Your instructions:
Starting at the line that contains "Anel companheiro com", transcribe each line exactly through the end of the data below, and skip any pictures.

Source material:
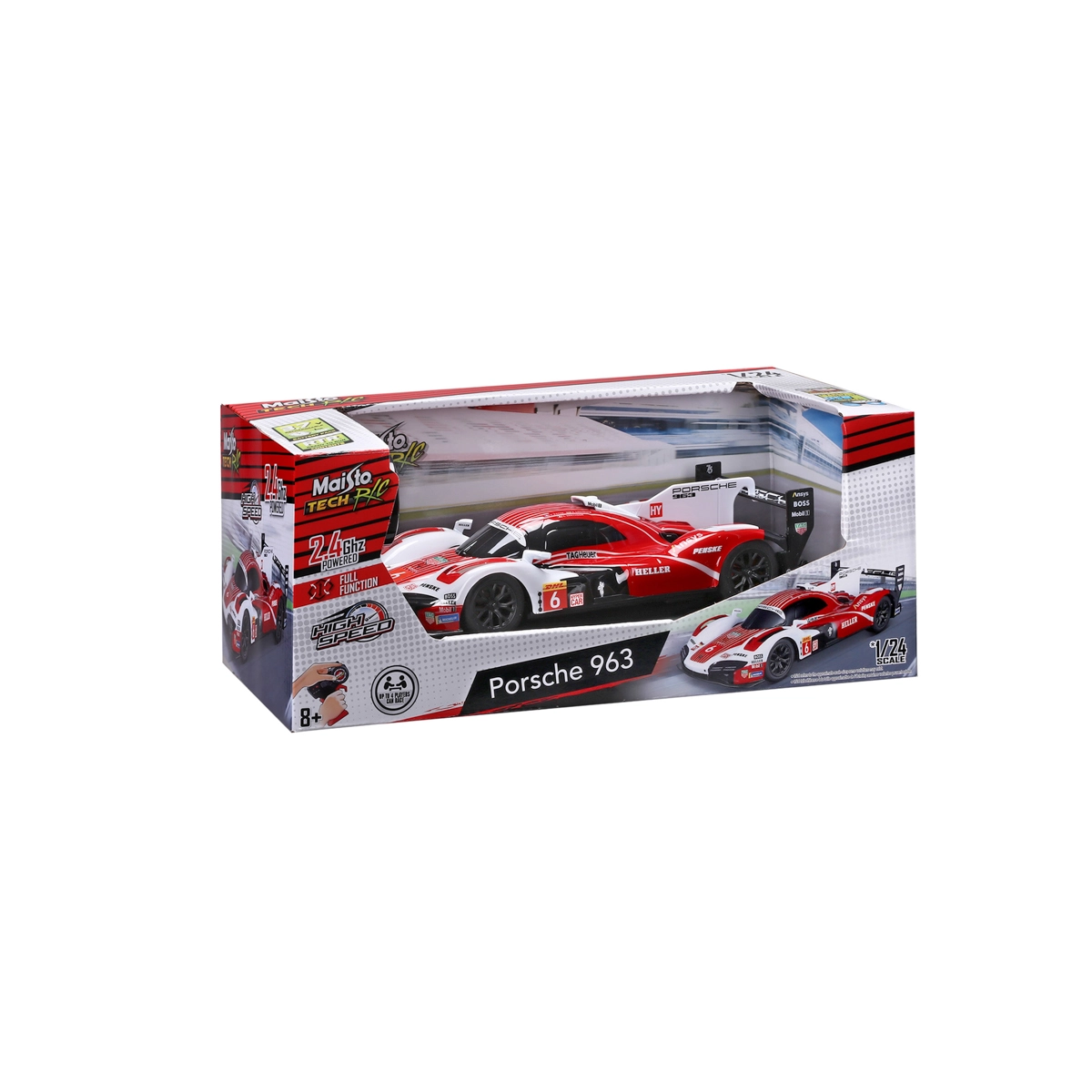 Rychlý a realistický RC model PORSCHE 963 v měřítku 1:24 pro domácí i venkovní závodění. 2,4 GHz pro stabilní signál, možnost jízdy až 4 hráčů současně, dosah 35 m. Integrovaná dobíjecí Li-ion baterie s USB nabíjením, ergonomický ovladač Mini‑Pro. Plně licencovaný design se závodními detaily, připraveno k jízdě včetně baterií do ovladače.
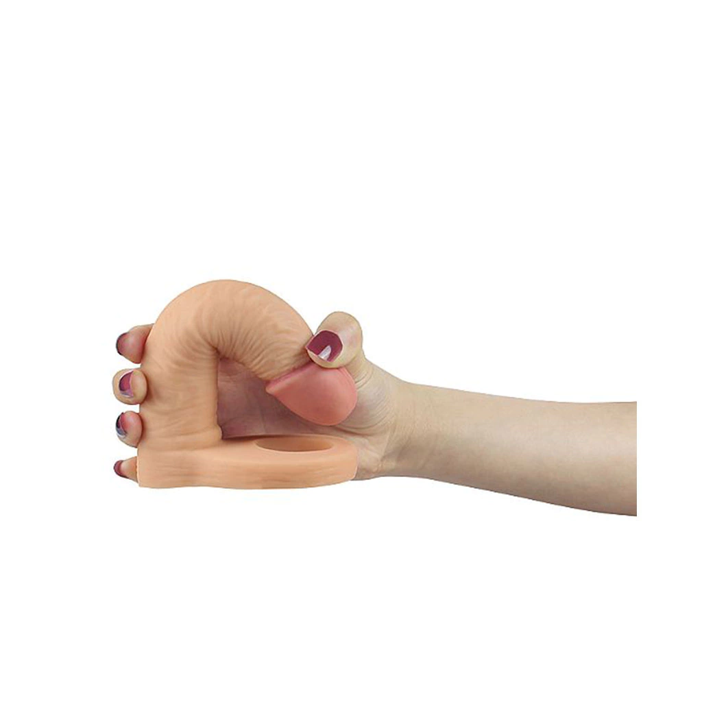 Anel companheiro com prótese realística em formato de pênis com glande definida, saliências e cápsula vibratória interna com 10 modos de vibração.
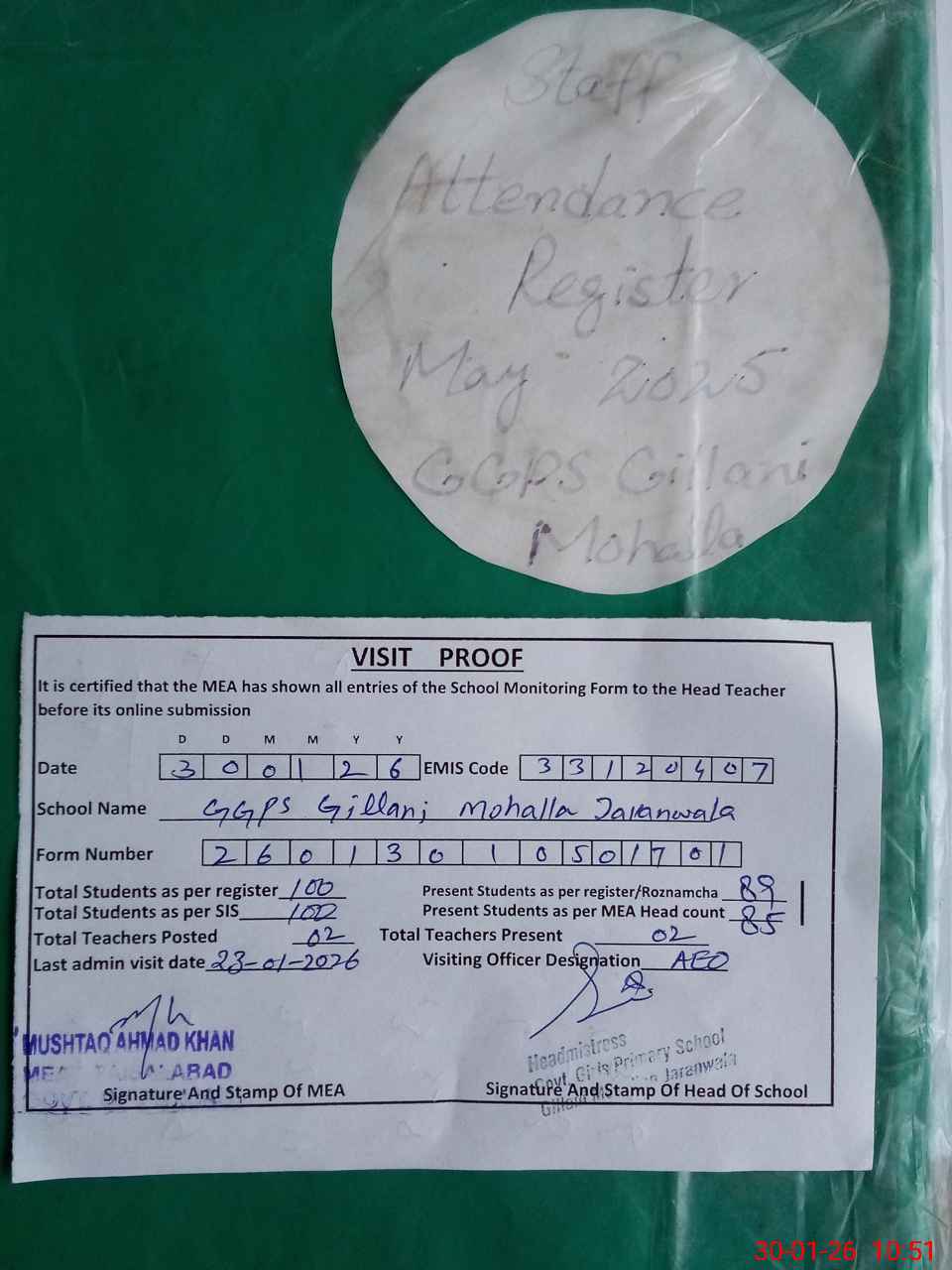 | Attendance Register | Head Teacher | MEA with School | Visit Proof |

Task answer:
 Anel companheiro com prótese realística em formato de pênis com glande definida, saliências e cápsula vibratória interna com 10 modos de vibração.
 | Attendance Register | Head Teacher | MEA with School | Visit Proof |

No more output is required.